AVAILABLE DATA START

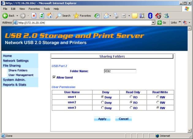 Для работы доступны разделы на подключенных дисках и флеш-драйвах, отформатированные в FAT (интересно, что в первой версии прошивки поддерживалось и чтение NTFS). Каждому порту можно назначить свое имя сетевого ресурса. Если же на данном диске не один раздел, а несколько, то второй и последующие разделы автоматически именуются с суффиксами «_2», «_3» по номерам разделов (если раздел не распознается устройством, то его номер пропускается). Для каждого порта (отметим, что именно порта, а не раздела) можно задать свои правила доступа для конкретных пользователей: «нет доступа», «только чтение» и «чтение и запись». Кроме того, можно разрешить или запретить гостевой доступ (если он разрешен, то гости имеют полный доступ к папке). Управление пользователями сводиться просто к ведению списка «имя-пароль». Объединять в группы пользователей нельзя. Администратор устройства имеет полный доступ ко всем папкам.
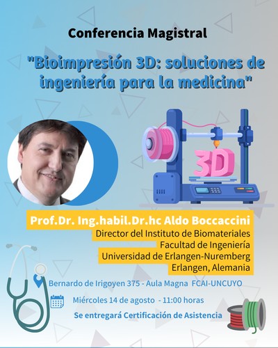 On 14th August 2024, Prof. Aldo R. Boccaccini presented an invited plenary talk at Faculty of Applied Sciences in Industry (FCAI) at National University of Cuyo (UNCUYO), San Rafael, Argentina.
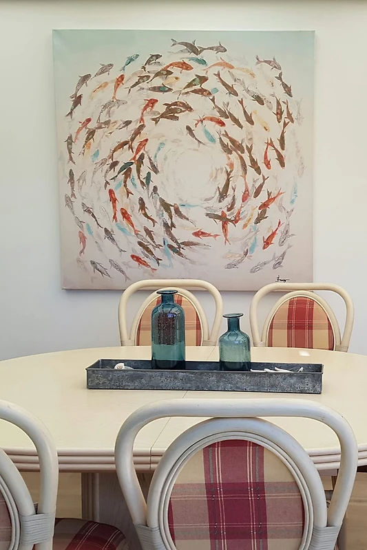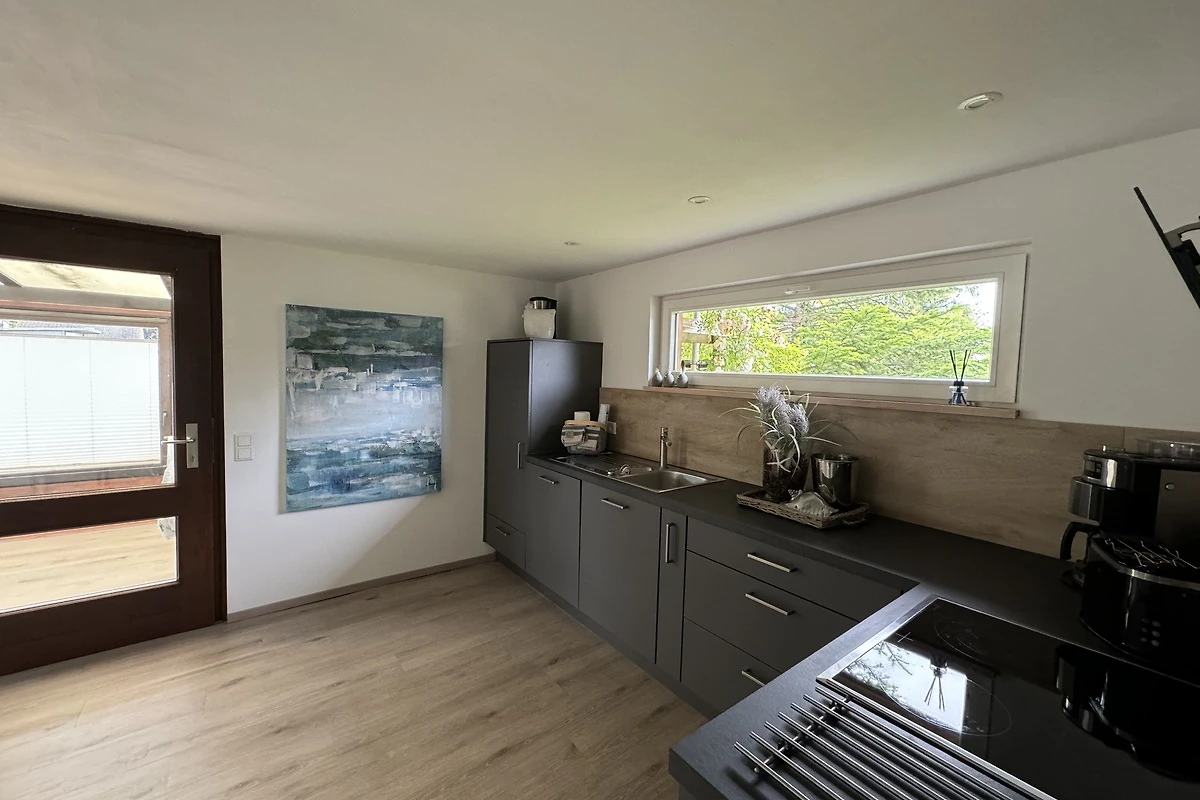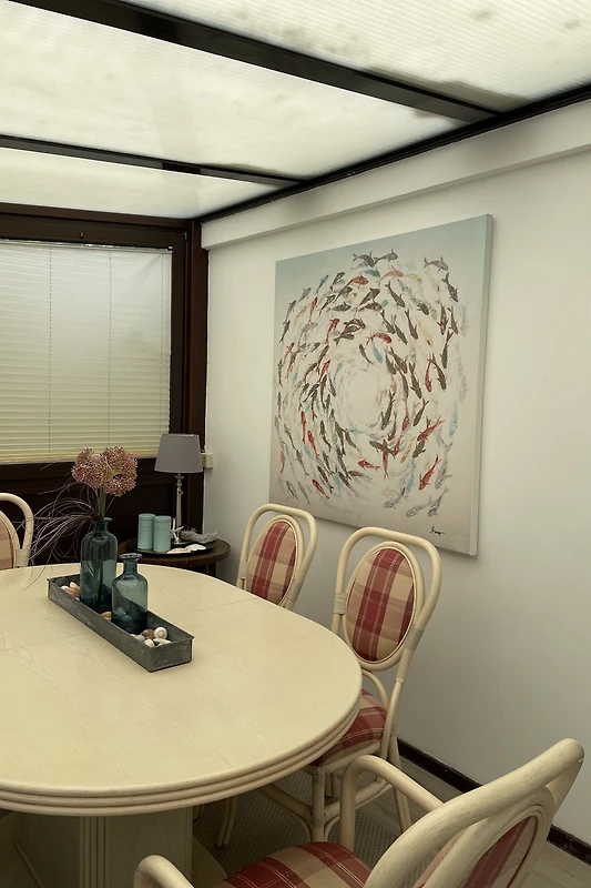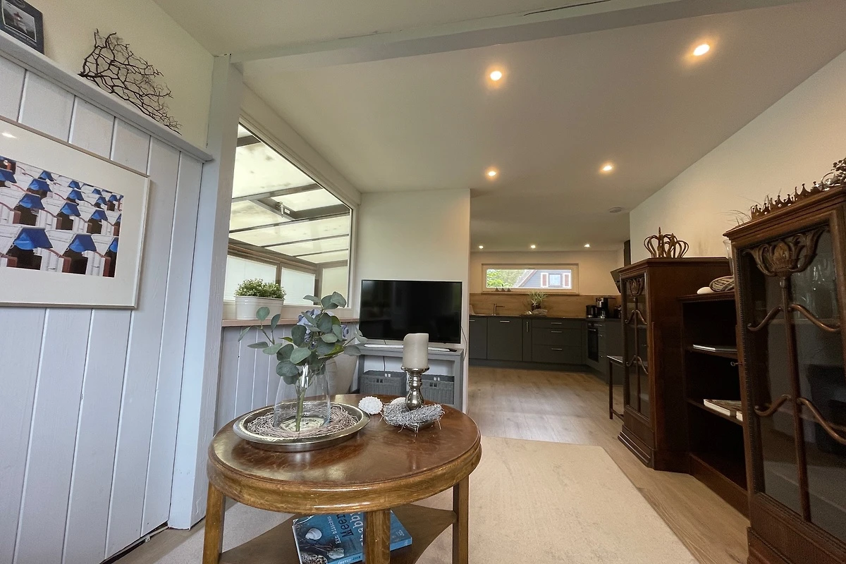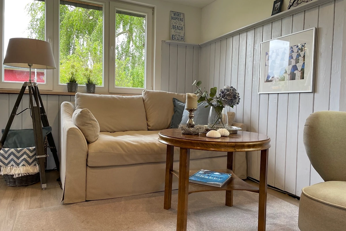 Miękkie kolory, naturalne materiały i lekkie tkaniny charakteryzują pomieszczenia i nadają domowi orzeźwiającą lekkość. Możesz oczekiwać 2 jasnych pokoi, dużej, nowocześnie umeblowanej otwartej kuchni, a także wygodnej łazienki z prysznicem. W przestronnym ogrodzie zimowym możesz pozwolić, aby natura miała na Ciebie wpływ.
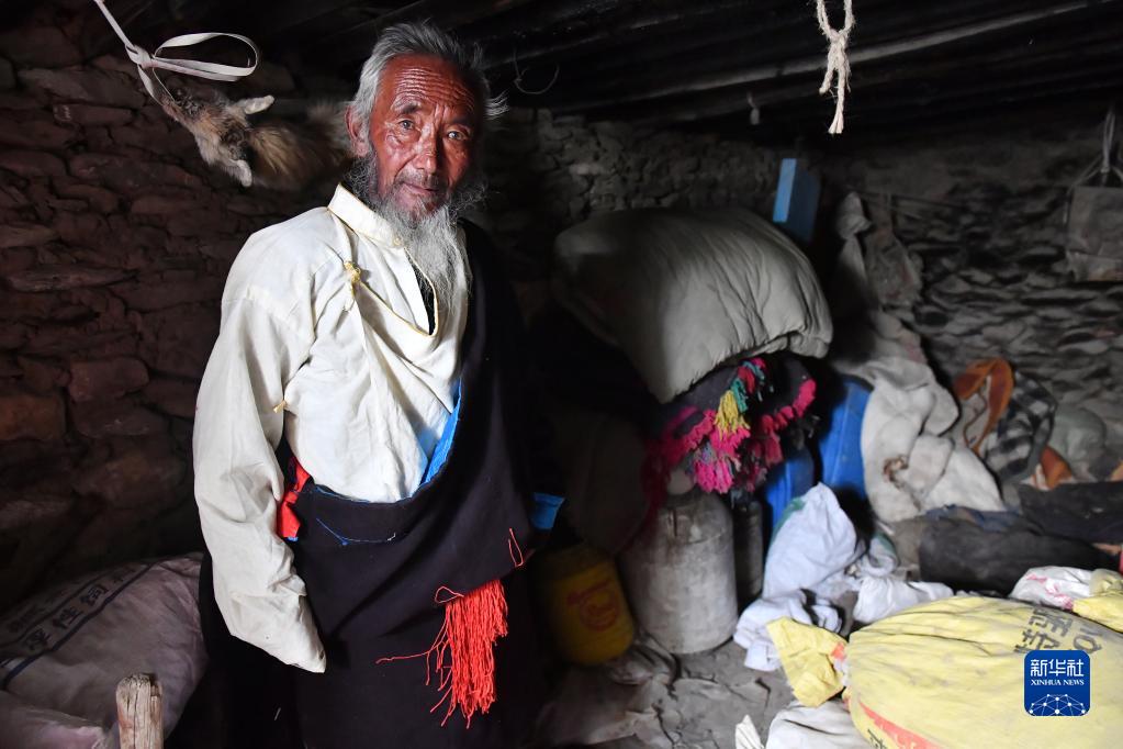 旺加老人站在如今充当仓库的老屋里(5月12日摄)。新华社记者 孙瑞博 摄
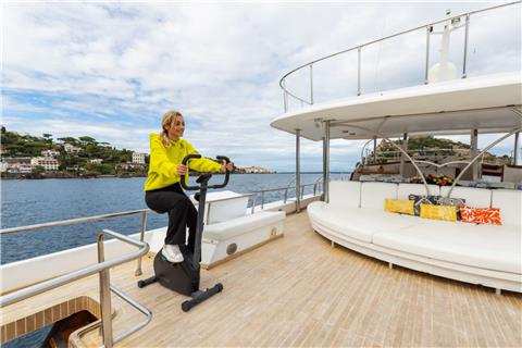 Nafisa boasts very ample open spaces, offering a variety of different seating and lounging areas: on the fly bridge, two huge sofas, an al fresco dining area and a fantastic 4 seats Jacuzzi to relax while admiring the breathtaking views of the Mediterranean landscapes. On the main deck Nafisa hosts a huge salon, a beautiful relax area at stern with a coffee table and sofas and a beautiful solarium on the foredeck. She also boasts a full gym equipment with stationary bike, stepper, yoga mat, weights, kettlebell, elastics, resistance band.
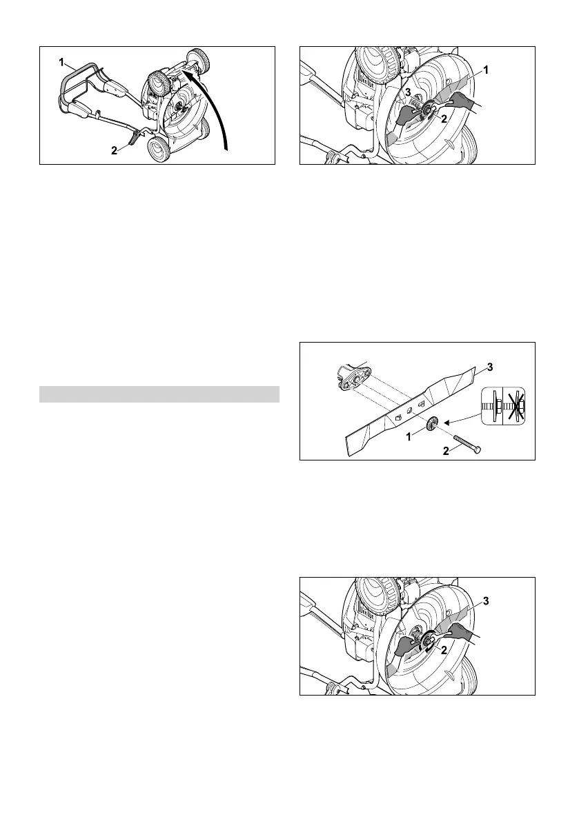 ► Hátrafelé döntve állítsa fel a fűnyíró gépet.
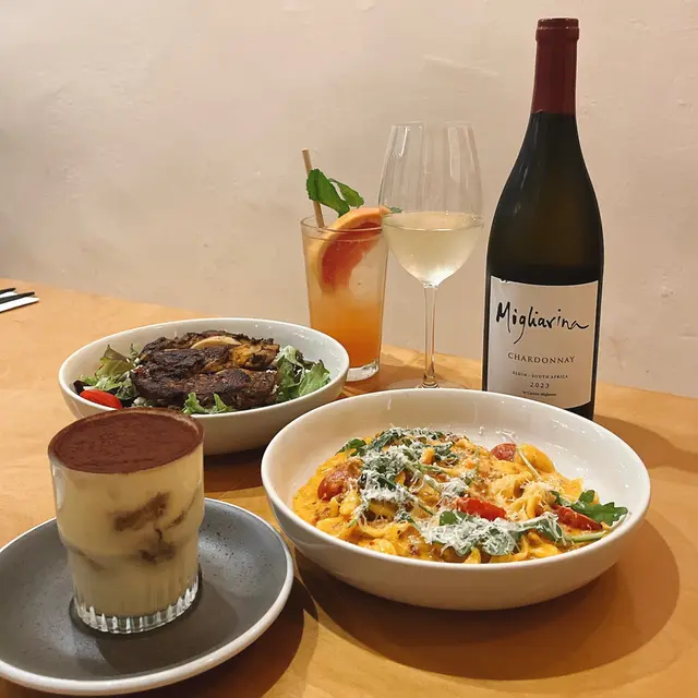 每日5-7pm都有Happy Hour🎉 $38-$68有超過十款紅白酒、啤酒揀🍾 抵飲!嗰杯南非白酒香氣清新,襯香料味重嘅沙律同辣pasta一流🇿🇦
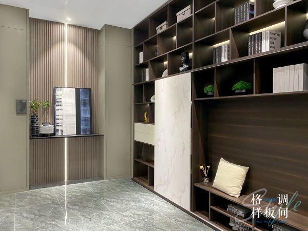 在武汉的样板间展厅里,梦天木作独特的门墙柜一体化设计,涵盖了通顶门、通顶墙、通顶柜,实现了美学风格与功能主义高度统一的梦天木作“健康完整木作解决方案“。在新现代简约风格的空间呈现上,梦天木作遵循“简而不凡”的设计理念,挣脱传统风格边界的束缚,摒弃复杂的造型与装饰,以克制的设计笔触、简约的线条与配色,呈现出简洁、舒适的空间氛围,强调生活的自由舒适感。此外,在细节设计上,整个展厅注重门墙柜连接收口的自然过渡,充满了对产品的精雕细琢和对品质的完美追求;采用的平墙板和纵横板搭配开放格设计,让整个空间同时具备了视觉美感与收纳功能,相得益彰。
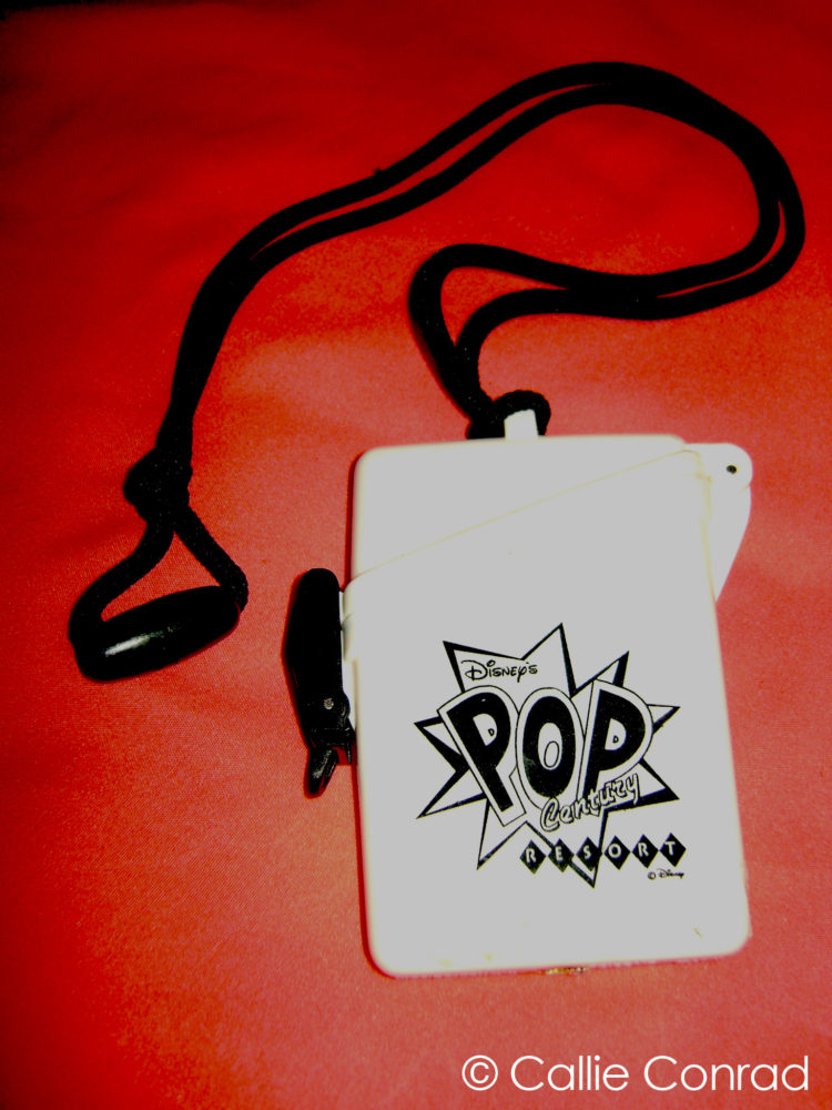 These plastic cases are great to take to the water parks or just out to the pool. They keep keys, cards and cash dry using a rubber seal that latches shut. They are also ideal for a light day at the parks if you don’t have pockets. Waterproof wallets are sold at the Disney Parks and resorts, as well as places such as Walmart and Target.
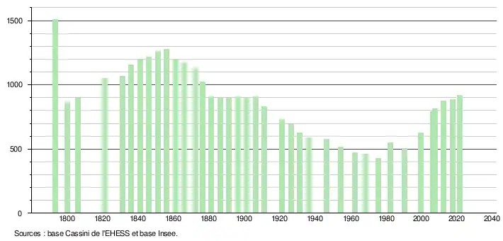 L'évolution du nombre d'habitants est connue à travers les recensements de la population effectués dans la commune depuis 1793. Pour les communes de moins de 10 000 habitants, une enquête de recensement portant sur toute la population est réalisée tous les cinq ans, les populations légales des années intermédiaires étant quant à elles estimées par interpolation ou extrapolation[15]. Pour la commune, le premier recensement exhaustif entrant dans le cadre du nouveau dispositif a été réalisé en 2007[16].

AVAILABLE DATA END

PROBLEM DESCRIPTION
Could the entries above be retyped exactly, with the pictures left out?

RESPONSE AREA
 Для работы доступны разделы на подключенных дисках и флеш-драйвах, отформатированные в FAT (интересно, что в первой версии прошивки поддерживалось и чтение NTFS). Каждому порту можно назначить свое имя сетевого ресурса. Если же на данном диске не один раздел, а несколько, то второй и последующие разделы автоматически именуются с суффиксами «_2», «_3» по номерам разделов (если раздел не распознается устройством, то его номер пропускается). Для каждого порта (отметим, что именно порта, а не раздела) можно задать свои правила доступа для конкретных пользователей: «нет доступа», «только чтение» и «чтение и запись». Кроме того, можно разрешить или запретить гостевой доступ (если он разрешен, то гости имеют полный доступ к папке). Управление пользователями сводиться просто к ведению списка «имя-пароль». Объединять в группы пользователей нельзя. Администратор устройства имеет полный доступ ко всем папкам.
 On 14th August 2024, Prof. Aldo R. Boccaccini presented an invited plenary talk at Faculty of Applied Sciences in Industry (FCAI) at National University of Cuyo (UNCUYO), San Rafael, Argentina.
 Miękkie kolory, naturalne materiały i lekkie tkaniny charakteryzują pomieszczenia i nadają domowi orzeźwiającą lekkość. Możesz oczekiwać 2 jasnych pokoi, dużej, nowocześnie umeblowanej otwartej kuchni, a także wygodnej łazienki z prysznicem. W przestronnym ogrodzie zimowym możesz pozwolić, aby natura miała na Ciebie wpływ.
 旺加老人站在如今充当仓库的老屋里(5月12日摄)。新华社记者 孙瑞博 摄
 Nafisa boasts very ample open spaces, offering a variety of different seating and lounging areas: on the fly bridge, two huge sofas, an al fresco dining area and a fantastic 4 seats Jacuzzi to relax while admiring the breathtaking views of the Mediterranean landscapes. On the main deck Nafisa hosts a huge salon, a beautiful relax area at stern with a coffee table and sofas and a beautiful solarium on the foredeck. She also boasts a full gym equipment with stationary bike, stepper, yoga mat, weights, kettlebell, elastics, resistance band.
 ► Hátrafelé döntve állítsa fel a fűnyíró gépet.
 每日5-7pm都有Happy Hour🎉 $38-$68有超過十款紅白酒、啤酒揀🍾 抵飲!嗰杯南非白酒香氣清新,襯香料味重嘅沙律同辣pasta一流🇿🇦
 在武汉的样板间展厅里,梦天木作独特的门墙柜一体化设计,涵盖了通顶门、通顶墙、通顶柜,实现了美学风格与功能主义高度统一的梦天木作“健康完整木作解决方案“。在新现代简约风格的空间呈现上,梦天木作遵循“简而不凡”的设计理念,挣脱传统风格边界的束缚,摒弃复杂的造型与装饰,以克制的设计笔触、简约的线条与配色,呈现出简洁、舒适的空间氛围,强调生活的自由舒适感。此外,在细节设计上,整个展厅注重门墙柜连接收口的自然过渡,充满了对产品的精雕细琢和对品质的完美追求;采用的平墙板和纵横板搭配开放格设计,让整个空间同时具备了视觉美感与收纳功能,相得益彰。
 These plastic cases are great to take to the water parks or just out to the pool. They keep keys, cards and cash dry using a rubber seal that latches shut. They are also ideal for a light day at the parks if you don’t have pockets. Waterproof wallets are sold at the Disney Parks and resorts, as well as places such as Walmart and Target.
 L'évolution du nombre d'habitants est connue à travers les recensements de la population effectués dans la commune depuis 1793. Pour les communes de moins de 10 000 habitants, une enquête de recensement portant sur toute la population est réalisée tous les cinq ans, les populations légales des années intermédiaires étant quant à elles estimées par interpolation ou extrapolation[15]. Pour la commune, le premier recensement exhaustif entrant dans le cadre du nouveau dispositif a été réalisé en 2007[16].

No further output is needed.